Exercise inputs
=== Section Start ===

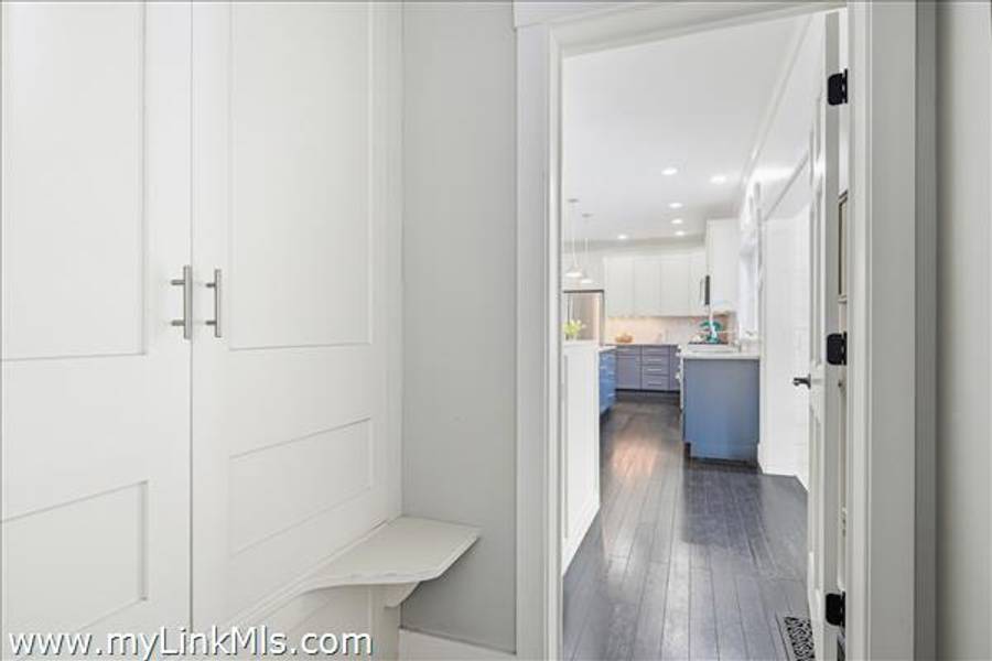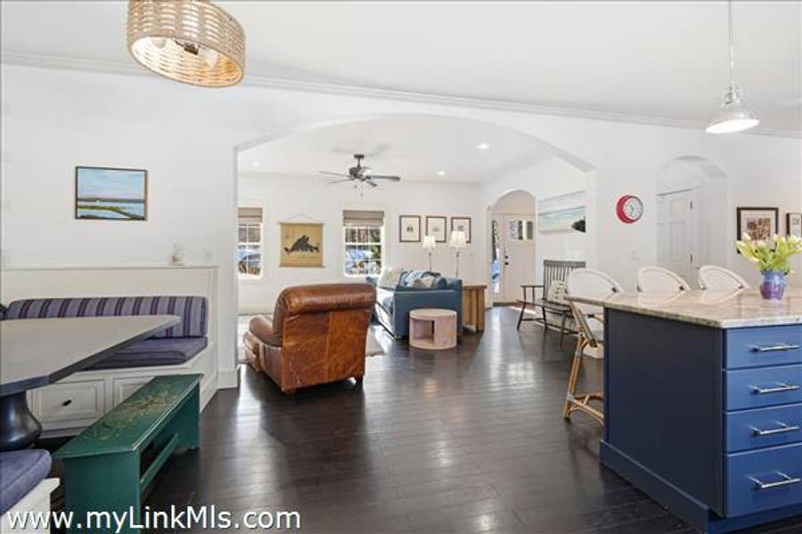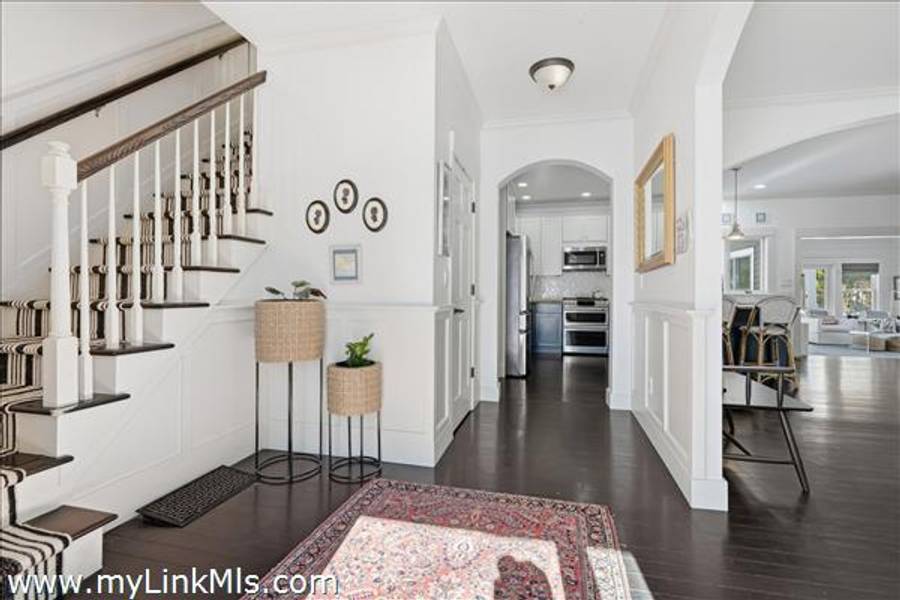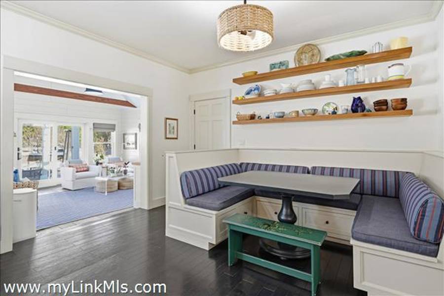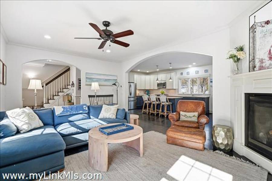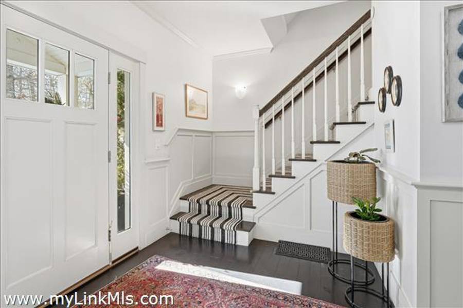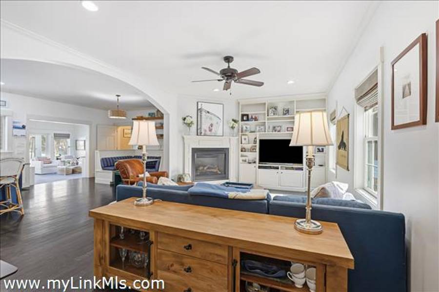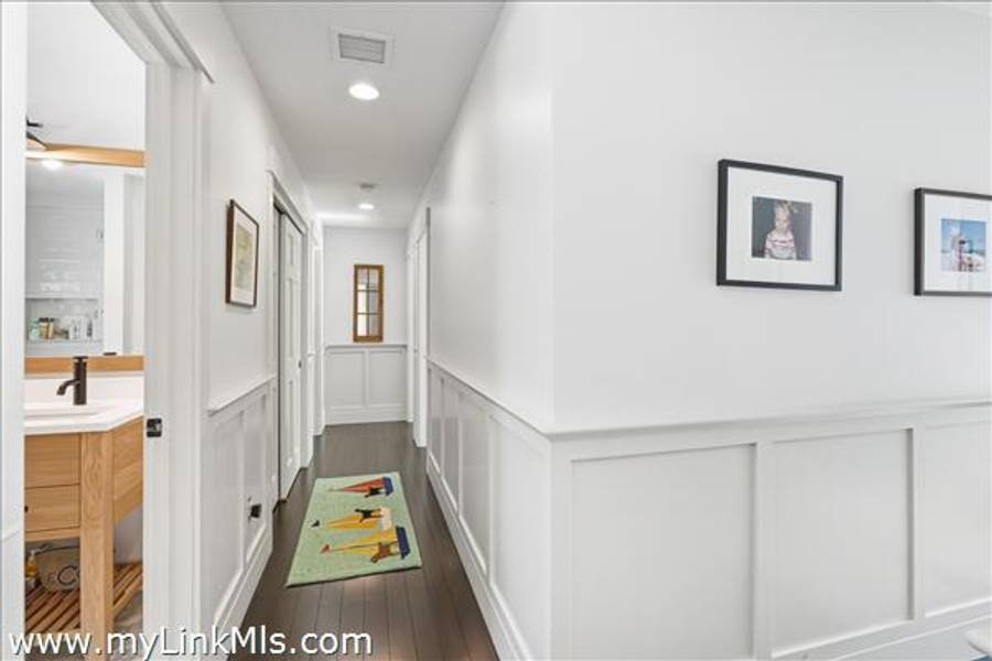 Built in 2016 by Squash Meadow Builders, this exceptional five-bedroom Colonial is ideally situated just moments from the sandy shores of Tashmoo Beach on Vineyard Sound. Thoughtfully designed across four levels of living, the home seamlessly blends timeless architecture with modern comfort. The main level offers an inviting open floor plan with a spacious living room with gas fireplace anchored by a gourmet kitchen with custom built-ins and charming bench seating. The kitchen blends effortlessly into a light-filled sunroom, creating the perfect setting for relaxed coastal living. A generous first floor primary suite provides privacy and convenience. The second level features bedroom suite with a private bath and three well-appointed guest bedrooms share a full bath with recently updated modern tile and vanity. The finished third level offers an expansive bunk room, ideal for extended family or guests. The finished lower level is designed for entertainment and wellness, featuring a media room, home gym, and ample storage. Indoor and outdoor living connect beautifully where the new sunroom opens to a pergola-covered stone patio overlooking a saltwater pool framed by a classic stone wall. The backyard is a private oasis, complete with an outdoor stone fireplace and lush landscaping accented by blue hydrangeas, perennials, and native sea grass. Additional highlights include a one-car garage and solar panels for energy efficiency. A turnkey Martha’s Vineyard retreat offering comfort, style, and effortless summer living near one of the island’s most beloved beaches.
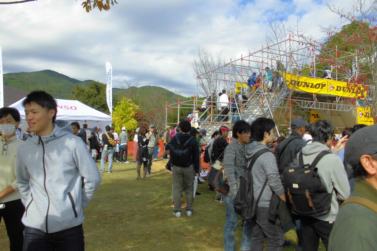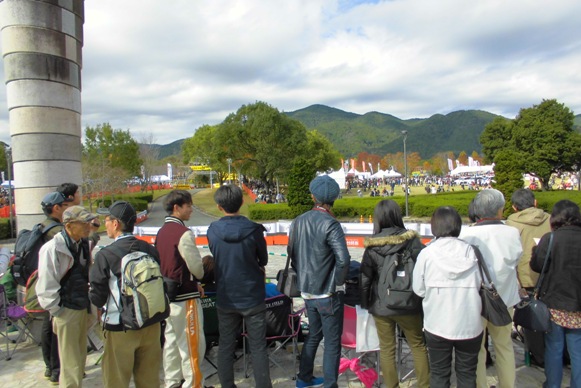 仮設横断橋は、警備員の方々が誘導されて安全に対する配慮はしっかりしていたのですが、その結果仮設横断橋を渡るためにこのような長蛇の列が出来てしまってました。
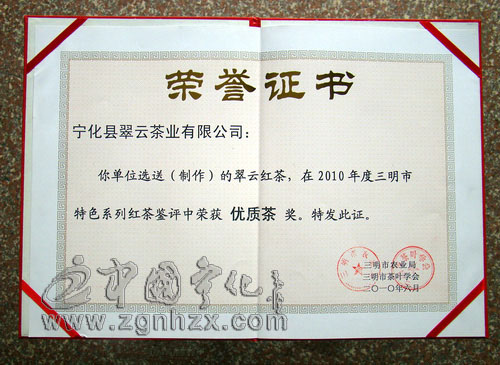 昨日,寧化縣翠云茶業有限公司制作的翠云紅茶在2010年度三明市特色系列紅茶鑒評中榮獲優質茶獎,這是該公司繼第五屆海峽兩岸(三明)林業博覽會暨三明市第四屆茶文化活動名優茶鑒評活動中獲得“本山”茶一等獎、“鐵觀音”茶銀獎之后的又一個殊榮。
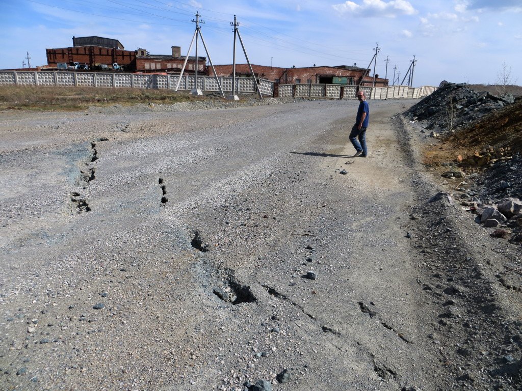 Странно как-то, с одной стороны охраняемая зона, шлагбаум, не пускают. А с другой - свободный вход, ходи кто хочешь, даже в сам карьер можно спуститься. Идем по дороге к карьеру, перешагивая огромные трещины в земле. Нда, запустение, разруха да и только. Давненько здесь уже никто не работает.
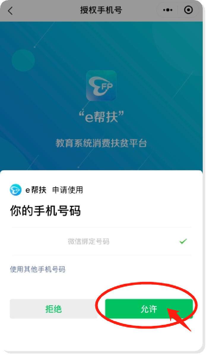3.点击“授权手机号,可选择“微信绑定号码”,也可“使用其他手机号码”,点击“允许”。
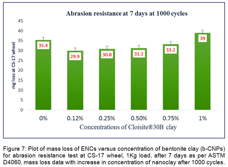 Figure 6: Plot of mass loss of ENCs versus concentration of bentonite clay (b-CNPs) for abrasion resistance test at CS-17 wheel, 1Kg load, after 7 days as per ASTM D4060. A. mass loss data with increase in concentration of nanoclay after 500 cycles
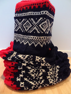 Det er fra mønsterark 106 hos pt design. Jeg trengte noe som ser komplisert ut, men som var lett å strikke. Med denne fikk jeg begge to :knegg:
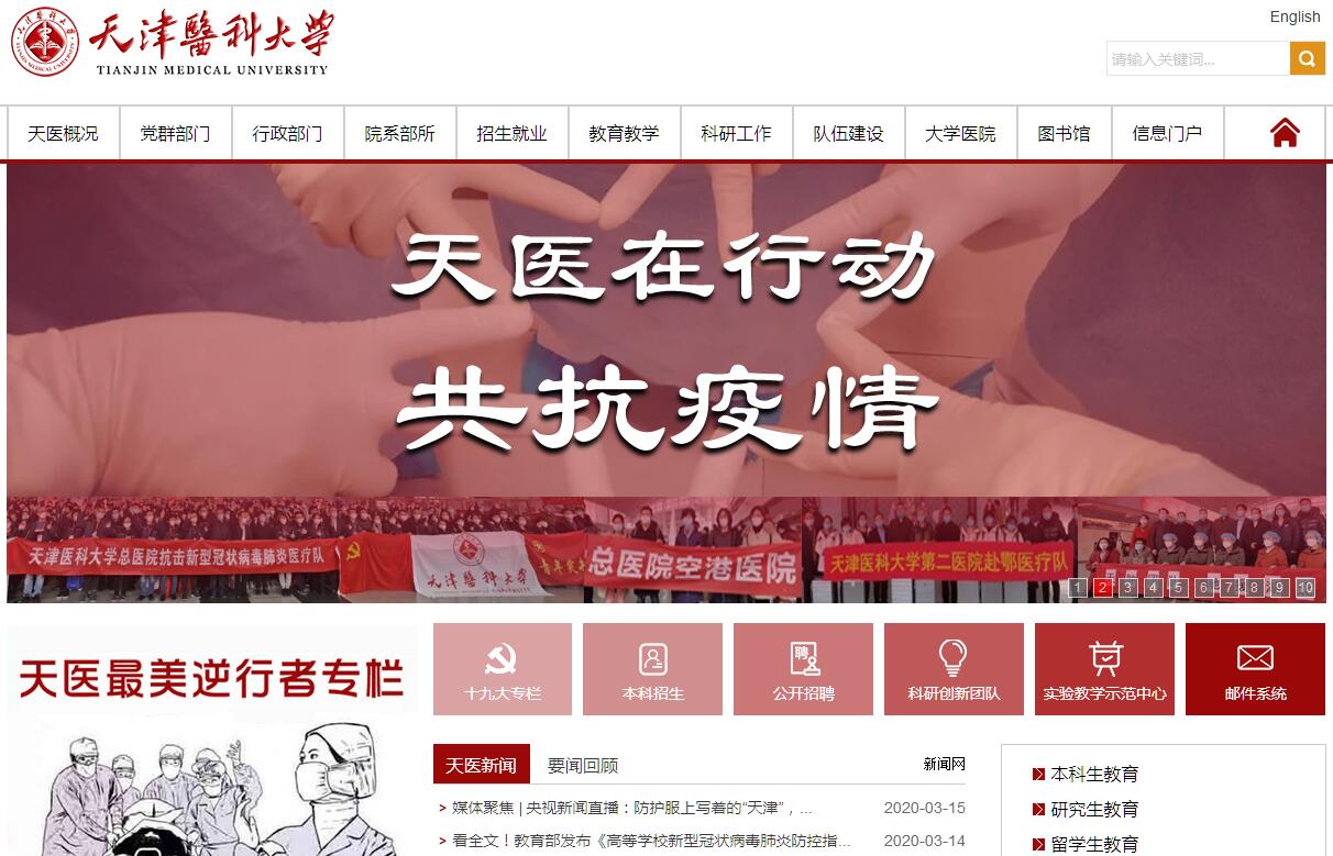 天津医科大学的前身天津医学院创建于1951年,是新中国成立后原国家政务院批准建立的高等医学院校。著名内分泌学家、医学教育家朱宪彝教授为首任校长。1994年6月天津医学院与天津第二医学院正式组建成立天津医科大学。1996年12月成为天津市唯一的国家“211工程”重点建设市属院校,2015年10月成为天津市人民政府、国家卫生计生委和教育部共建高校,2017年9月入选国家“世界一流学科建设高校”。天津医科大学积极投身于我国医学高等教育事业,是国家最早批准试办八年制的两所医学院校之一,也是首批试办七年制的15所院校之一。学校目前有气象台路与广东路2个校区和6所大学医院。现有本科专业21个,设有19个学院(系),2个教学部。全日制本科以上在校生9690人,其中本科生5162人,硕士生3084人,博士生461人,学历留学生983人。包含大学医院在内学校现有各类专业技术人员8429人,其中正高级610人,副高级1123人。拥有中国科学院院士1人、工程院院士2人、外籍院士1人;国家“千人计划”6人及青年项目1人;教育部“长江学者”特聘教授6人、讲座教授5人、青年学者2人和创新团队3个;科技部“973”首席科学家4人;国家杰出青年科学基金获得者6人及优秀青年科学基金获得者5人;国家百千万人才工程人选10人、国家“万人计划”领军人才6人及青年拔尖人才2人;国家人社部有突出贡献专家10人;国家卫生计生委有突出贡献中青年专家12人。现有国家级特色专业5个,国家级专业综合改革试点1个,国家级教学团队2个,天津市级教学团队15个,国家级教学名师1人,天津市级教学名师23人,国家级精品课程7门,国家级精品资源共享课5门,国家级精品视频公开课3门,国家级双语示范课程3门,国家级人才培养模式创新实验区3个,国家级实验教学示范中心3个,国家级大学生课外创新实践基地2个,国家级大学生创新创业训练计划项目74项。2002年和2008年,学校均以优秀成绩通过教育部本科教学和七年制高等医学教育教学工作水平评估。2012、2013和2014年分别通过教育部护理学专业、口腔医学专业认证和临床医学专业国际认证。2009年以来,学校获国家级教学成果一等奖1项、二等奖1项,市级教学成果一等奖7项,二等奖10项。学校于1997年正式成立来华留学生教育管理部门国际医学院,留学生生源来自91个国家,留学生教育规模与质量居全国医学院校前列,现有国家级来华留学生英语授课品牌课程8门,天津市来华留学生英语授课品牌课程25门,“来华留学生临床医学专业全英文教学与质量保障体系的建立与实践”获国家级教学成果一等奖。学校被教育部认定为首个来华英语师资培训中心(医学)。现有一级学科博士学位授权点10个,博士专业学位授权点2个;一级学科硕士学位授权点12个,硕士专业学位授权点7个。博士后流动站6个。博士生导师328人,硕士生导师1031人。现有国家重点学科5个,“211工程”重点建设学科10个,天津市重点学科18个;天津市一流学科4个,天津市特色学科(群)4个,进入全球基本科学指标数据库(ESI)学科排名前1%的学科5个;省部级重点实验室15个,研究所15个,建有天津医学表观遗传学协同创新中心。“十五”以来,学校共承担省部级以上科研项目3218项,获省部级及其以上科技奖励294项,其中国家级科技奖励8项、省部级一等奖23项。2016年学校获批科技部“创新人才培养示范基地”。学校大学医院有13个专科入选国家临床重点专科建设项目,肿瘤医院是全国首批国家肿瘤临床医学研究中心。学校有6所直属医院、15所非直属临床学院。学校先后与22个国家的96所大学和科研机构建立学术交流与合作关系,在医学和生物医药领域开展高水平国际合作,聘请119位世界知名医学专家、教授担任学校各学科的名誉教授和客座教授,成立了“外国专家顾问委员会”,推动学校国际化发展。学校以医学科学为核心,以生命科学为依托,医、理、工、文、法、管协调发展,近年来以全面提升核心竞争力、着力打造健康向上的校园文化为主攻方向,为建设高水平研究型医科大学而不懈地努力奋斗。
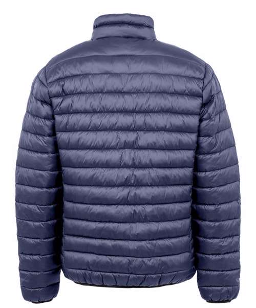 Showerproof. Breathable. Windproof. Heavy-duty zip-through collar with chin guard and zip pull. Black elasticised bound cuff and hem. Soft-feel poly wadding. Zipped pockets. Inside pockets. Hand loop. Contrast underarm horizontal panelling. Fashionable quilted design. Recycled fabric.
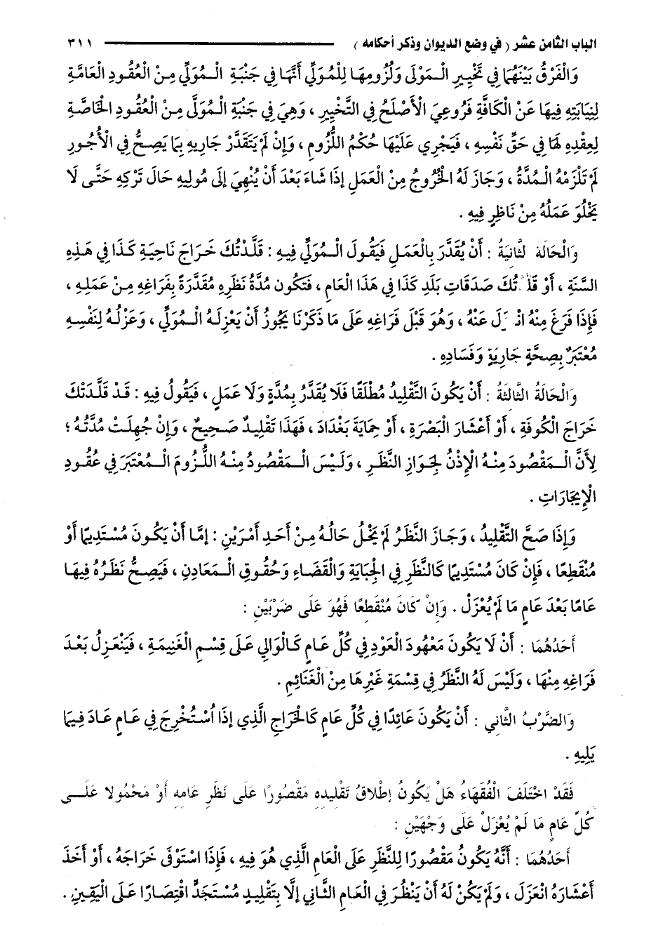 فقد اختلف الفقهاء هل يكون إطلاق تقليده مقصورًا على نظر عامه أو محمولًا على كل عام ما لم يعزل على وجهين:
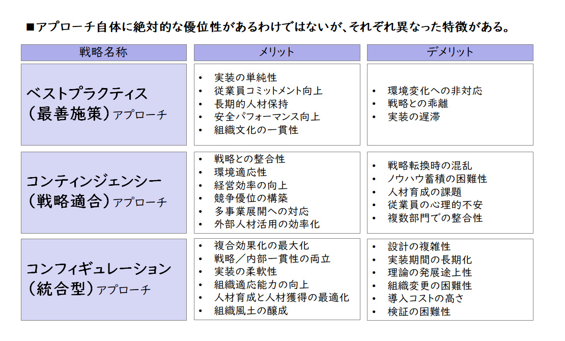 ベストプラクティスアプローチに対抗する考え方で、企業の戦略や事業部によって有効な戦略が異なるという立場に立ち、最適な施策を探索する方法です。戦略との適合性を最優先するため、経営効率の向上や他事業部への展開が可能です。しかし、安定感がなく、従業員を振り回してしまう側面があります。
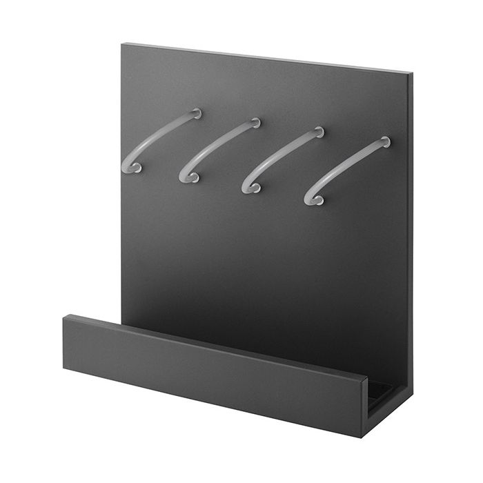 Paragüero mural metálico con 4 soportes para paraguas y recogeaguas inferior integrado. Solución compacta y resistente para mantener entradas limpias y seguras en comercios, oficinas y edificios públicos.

=== Section End ===

About this exercise
Starting at the line that contains "仮設横断橋は、警備員の方々が" and ending at the line that contains "Det er fra mønsterark", transcribe the material above exactly, excluding pictures.

Result below
 仮設横断橋は、警備員の方々が誘導されて安全に対する配慮はしっかりしていたのですが、その結果仮設横断橋を渡るためにこのような長蛇の列が出来てしまってました。
 昨日,寧化縣翠云茶業有限公司制作的翠云紅茶在2010年度三明市特色系列紅茶鑒評中榮獲優質茶獎,這是該公司繼第五屆海峽兩岸(三明)林業博覽會暨三明市第四屆茶文化活動名優茶鑒評活動中獲得“本山”茶一等獎、“鐵觀音”茶銀獎之后的又一個殊榮。
 Странно как-то, с одной стороны охраняемая зона, шлагбаум, не пускают. А с другой - свободный вход, ходи кто хочешь, даже в сам карьер можно спуститься. Идем по дороге к карьеру, перешагивая огромные трещины в земле. Нда, запустение, разруха да и только. Давненько здесь уже никто не работает.
3.点击“授权手机号,可选择“微信绑定号码”,也可“使用其他手机号码”,点击“允许”。
 Figure 6: Plot of mass loss of ENCs versus concentration of bentonite clay (b-CNPs) for abrasion resistance test at CS-17 wheel, 1Kg load, after 7 days as per ASTM D4060. A. mass loss data with increase in concentration of nanoclay after 500 cycles
 Det er fra mønsterark 106 hos pt design. Jeg trengte noe som ser komplisert ut, men som var lett å strikke. Med denne fikk jeg begge to :knegg:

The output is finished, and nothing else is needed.